Configure a T3 network channel on all WebLogic Server instances in the cluster. The network channel accepts tunneled traffic from the load balancer. To ensure all client requests are routed through the load balancer, set External Listen Address to the end point where loadbalancer, or the web server, accepts traffic from the client. Enable HTTP protocol and set tunneling-enabled=true. Configure the load balancer or web server to route http traffic to WebLogic Server. If using Oracle HTTP Server (OHS) as a webserver, this can be achieved by changing the httpd.conf configuration file. For example:

The WebLogic Server config.xml:

<network-access-point>
      <name>tunnelChannel</name>
      <protocol>t3</protocol>
      <listen-address>example.com</listen-address>
      <listen-port>11001</listen-port>
      <http-enabled-for-this-protocol>true</http-enabled-for-this-protocol>
      <tunneling-enabled>true</tunneling-enabled>
      <outbound-enabled>false</outbound-enabled>
      <enabled>true</enabled>
      <two-way-ssl-enabled>false</two-way-ssl-enabled>
      <client-certificate-enforced>false</client-certificate-enforced>
</network-access-point><network-access-point>
. . .

OHS/Webtier's httpd.conf file

<LocationMatch ^/bea_wls_internal/>
SetHandler weblogic-handler
WeblogicCluster example.com:11001
</LocationMatch>
. . .

Session Failover

Session failover is transparent to the client. When a server shuts down the client RJVM receives a PeerGone exception. This causes the HTTPClientJVMConnection to be closed.

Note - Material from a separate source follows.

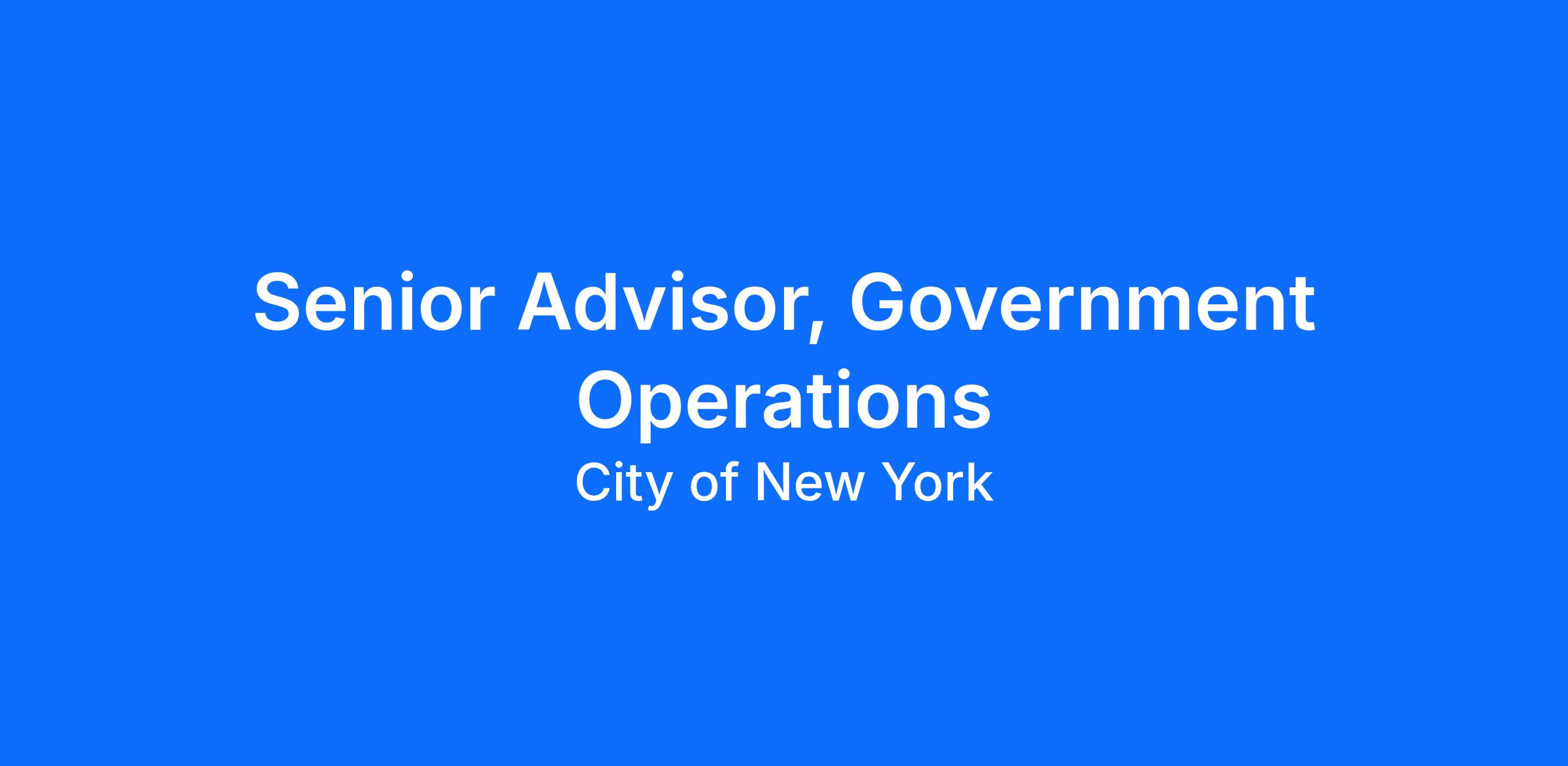 Reporting to the Chief of Staff to the Deputy Mayor for Operations (DMO), the Senior Advisor, Government Operations will be responsible for the following:

When the next request comes from the same client, the request is failed over to the next member in the cluster for both stateless and stateful beans. If an exception occurs during request processing, that request is not failed over and the exception is propagated to the client.

Cookie Persistence

The tunneling client caches the cookie it receives after initial request and sends it back in every subsequent request.

Pinned Objects

In a cluster, even if an object is pinned and the replicate_bindings!= false, the stub is replicated to all the members of the cluster. Tunneling does not affect the normal pinned object behavior.

Stateful Session EJBs

If External Listen Address is not set, the stub that the client gets back has the list of available hosts to route to and the behavior is similar to sending direct t3 requests.

If External Listen Address is set then failover does not work because the primary and secondary hosts get set to the externalDNSName and load balancer hangs trying to route to itself.

Native T3 Load Balancing

If the cluster member fails, the client invocation on a non-cluster-aware stub also fails since the firewall does not attempt to redirect the request to another cluster member. For a cluster-aware stub invocation, the request should be transparently routed around the failure and the invocation delivered to a different cluster member using the External Listen Address contained in the cluster-aware stub. See How to Configure the External Listen Address.

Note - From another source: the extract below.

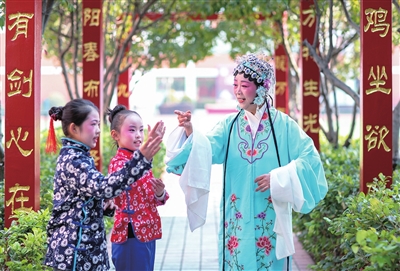 2月8日,在江苏省泰州市姜堰区城西学校教育集团城西小学校区公益寒托班上,戏曲老师指导学生练习戏曲基本动作。新华社发 (周社根 摄)

Use the hardware load balancer to load balance the initial T3 connection request when creating the JNDI InitialContext by specifying a PROVIDER_URL that points to the load balancer provided that the External Listen Address is not set to point to the hardware load balancer. This configuration works because the hardware load balancer is only involved in routing the initial TCP connection request to one of the managed servers. Once the connection is established, all RMI stubs contain the server's ListenAddress (or External Listen Address in the case of a NAT firewall) that uniquely identifies the server for which the stub is acting as a proxy.

Failover Support

WebLogic RMI does not support failover when used with a hardware loadbalancer.

For information on how WebLogic Server RMI handles failover, see Failover and Load Balancing RMI Objects.